Gehazi is not like Elisha. While Elisha points attention away from himself, Gehazi sees an opportunity for personal enrichment and perhaps even a bit of disdain with Naaman seeing that he is a Gentile. Gehazi stops at nothing to find a way to benefit from this miracle of God. He follows Naaman out of the city and tells Naaman a lie—that Elisha has requested some money and clothing for two prophets who have returned from Ephraim. This lie is especially sinister because Gehazi is not only attempting to benefit himself, he is manipulating Naaman, who no doubt is excited to return home healed from leprosy. In the goodness of Naaman’s heart, he is genuinely concerned with pleasing not only Elisha, caring for two returning prophets, but the LORD who had healed him. Naaman approves the request of Gehazi and gives him what he requests. Phase 1 of “Operation Get Rich Quick” has been completed.
Now for phase 2—to hide these new possessions without Elisha finding out. He brings them back to his house, stealthily hides them, and then returns to the service of Elisha. However, we know that Elisha is not easily deceived. It is hard to believe that Gehazi, who had seen first-hand how God works through Elisha in mighty ways healing uncurable disease, would think he could pull a fast one on God and Elisha. Elisha knows the answer to his question before he asks it of Gehazi. In many ways, this echoes the question God asked Adam and Eve in the Garden of Eden, “Where are you?” God knew the answer. He knew they had fallen into sin. The question was asked to see how they would respond—with repentance or pride. As Adam and Eve chose pride, so does Gehazi. Elisha’s question to Gehazi, “Where have you been?” is an opportunity for confession and repentance for Gehazi, but he chose to protect his deceitful selfishness and lies to Elisha. He thinks his lie, “I went nowhere.” was sufficient. But because God knew different, so did Elisha. The falling of Gehazi is made complete in the lie and then the punishment for sin was delivered—Gehazi is now a leper along with his descendants.

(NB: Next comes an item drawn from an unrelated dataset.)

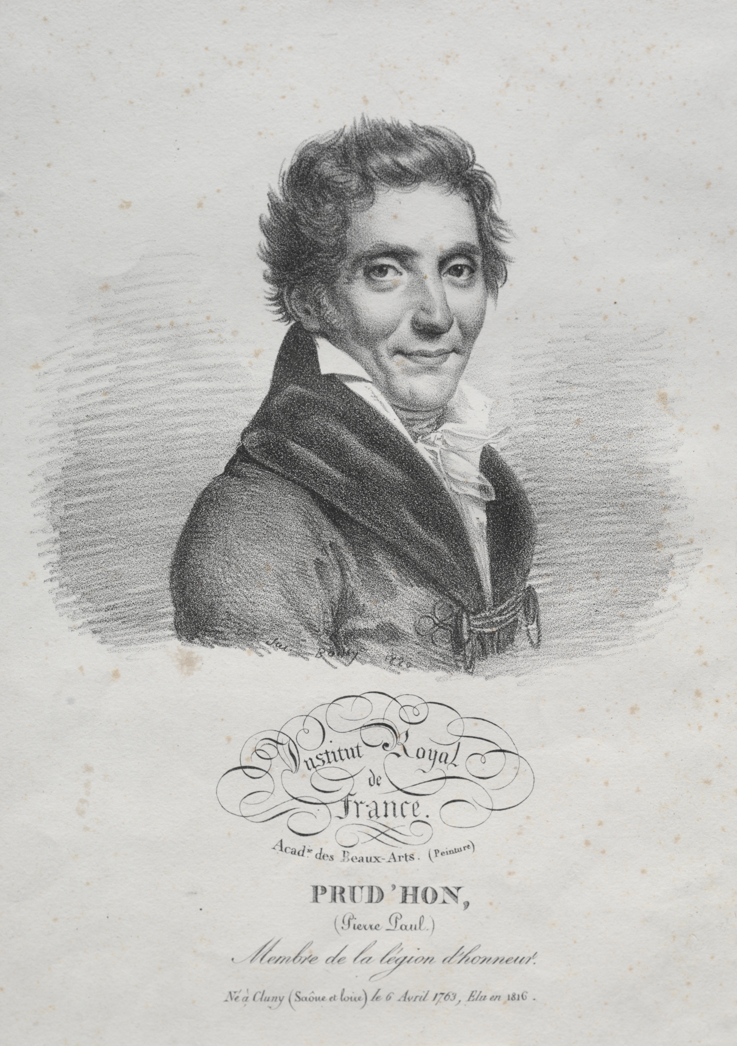Black and white portrait drawing of a man with short, curly hair. The man is wearing a dark jacket with a white collared shirt and a bow tie. A belt with a flower-shaped buckle is around his waist. The background is a shaded oval behind the man's bust. Underneath the portrait is a decorative oval with text inside and underneath it. The text reads "PRUD'HON, (Pierre Paul) Membre de la legion d'honneur: Ne a Cluny (Saone et Loire) le 6 Avril 1768. Mort en 1823." The paper background has brown spots on it.

Cheap grace consumes us because it does not require us to confess or repent. It doesn’t take seriously the offenses of sins. Cheap grace is a perversion of grace, plain and simple. As we think about our lives and our faith, do we ever act like Gehazi? I would say we do when we try to reap all the good things of God with the sole purpose of becoming rich or comfortable. Cheap grace doesn’t consider God’s grace as sufficient. It becomes a “plus-and” situation where we can find ourselves not trusting God as we pray. Cheap grace treats prayer as a habit we must do, but then after we pray, we think, “Now what are we REALLY going to do?”
May we never forget the riches of God’s grace and promise. He has promised to provide for his children because he is a good Father. May we not fall into the trap of Gehazi and allow selfish ambition and hopes to supplant the promise of God. Trust God. Obey God. Know he is for you and he provides your every need. Amen.